Tuesday, September 14, 2010

Let it bleed

"What about the Jewish heart and Jewish compassion and Jewish morality?"
asks Elie Wiesel. Perhaps those are no different from anyone elses heart, compassion and morality: just ornaments to wear on parade and to mock when it's not profitable or when we're not comfortable. People who are troubled by plans by the State of Israel to deport people born and educated there; sometimes minors, who speak the language and often no other language because their parents, brought in as 'guest workers,' have overstayed their visas.

In a country offering automatic right of citizenship to any Jew, born there or not, it seems inconsistent, unless we consider that universal human tendency to surround one's self with one's ilk. These native residents are not, of course, Jews and apparently the official design of Israel as a "Jewish State" is threatened by religious diversity -- and who or what country remains moral when threatened? Not the US, not Israel.
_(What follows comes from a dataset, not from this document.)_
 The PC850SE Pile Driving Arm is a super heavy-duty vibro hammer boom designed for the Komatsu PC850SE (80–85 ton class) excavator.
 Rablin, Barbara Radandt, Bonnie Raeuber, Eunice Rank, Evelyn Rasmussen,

Eli Yishai, Minister of the Interior and the man who oversees immigration policy invokes the "bleeding heart Liberal" straw man so well used by right wingers everywhere as though compassion, mercy and indeed, morality had no place in that questionable construct: the Judeo-Christian ethos.

The US doesn't seem to be in a position to offer criticism or guidance, of course. We have our own problems reconciling our facade with what goes on, and like Israel, we cling to the word illegal as though it were a solid refuge against moral condemnation. People; small children who are illegal as a result of no action of their own and who have had no ability to comply with immigration laws rightly make one's heart bleed if one has a heart with blood in it. Indeed it can be said of both nations, that they make a big issue of alleging Biblical origins for their laws while using the law as though morality were too expensive, too inconvenient and too frightening.
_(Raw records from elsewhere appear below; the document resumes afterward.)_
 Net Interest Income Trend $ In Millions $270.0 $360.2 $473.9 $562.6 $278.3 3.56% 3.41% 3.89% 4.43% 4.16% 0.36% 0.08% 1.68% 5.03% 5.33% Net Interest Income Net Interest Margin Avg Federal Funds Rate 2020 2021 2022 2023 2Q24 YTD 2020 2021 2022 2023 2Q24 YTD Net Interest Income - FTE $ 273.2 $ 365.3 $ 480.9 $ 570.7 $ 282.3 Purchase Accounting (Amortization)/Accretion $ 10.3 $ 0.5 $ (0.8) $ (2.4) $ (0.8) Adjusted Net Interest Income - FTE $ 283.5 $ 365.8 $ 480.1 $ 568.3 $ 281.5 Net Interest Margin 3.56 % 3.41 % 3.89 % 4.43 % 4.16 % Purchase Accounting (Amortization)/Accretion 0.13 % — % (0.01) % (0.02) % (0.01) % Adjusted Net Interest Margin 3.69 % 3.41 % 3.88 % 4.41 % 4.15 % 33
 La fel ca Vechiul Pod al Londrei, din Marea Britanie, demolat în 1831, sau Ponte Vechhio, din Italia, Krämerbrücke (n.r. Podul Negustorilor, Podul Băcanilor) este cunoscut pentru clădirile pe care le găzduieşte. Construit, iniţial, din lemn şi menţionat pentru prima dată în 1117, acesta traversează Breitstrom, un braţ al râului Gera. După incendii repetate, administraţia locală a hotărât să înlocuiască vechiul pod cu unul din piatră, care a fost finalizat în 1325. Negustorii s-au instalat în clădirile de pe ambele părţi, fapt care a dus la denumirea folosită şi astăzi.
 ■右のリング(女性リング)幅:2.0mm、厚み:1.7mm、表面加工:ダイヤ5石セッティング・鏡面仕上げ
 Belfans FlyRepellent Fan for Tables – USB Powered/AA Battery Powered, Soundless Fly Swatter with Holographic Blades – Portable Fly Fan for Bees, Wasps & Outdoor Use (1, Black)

It's ethnic cleansing and it's always a dirty business and these days our tendency to continue to make such noble statements as one finds on the Statue of Liberty reek of hypocrisy concerns me more than the admittedly real problems with uncontrolled immigration. Perhaps we should come clean and put an "If you're white, you're all right" in Lady Liberty's hand or at least stop pretending our laws are a salute to Jesus. If we follow through on the assault on the 14th amendment, making people born and raised as Americans, who pay taxes, have jobs and businesses but never knew there parent's weren't citizens, we're going to inherit the same moral dilemma. I have to wonder in fact, as to whether, having had a grandfather who was never a citizen, my mother would retroactively be an alien, making me, after 65 years as a citizen, subject to deportation and constant fear lest there be a midnight knock on the door by a black gloved fist.

If there's no moral problem with sending a kid who speaks only English back "home" to Azerbaijan or Guatemala with no chance of appeal, then it's time we stopped pretending we're any different from anybody else.

Thursday, August 05, 2010

It's all opinion

And thus spake Fox:

"The Ninth Circuit court as a record of being overturned" said one voice at the table.
"Obviously it deserves to be" said another. "This judge just doesn't understand the situation."
"Well she's famous for making rulings based on her opinion. What we need are decisions based on law!"
Of course, like most clubs, mine has a policy discouraging political talk at the dinner table, but in practice, that means "Liberals shut up, Fox is talking here."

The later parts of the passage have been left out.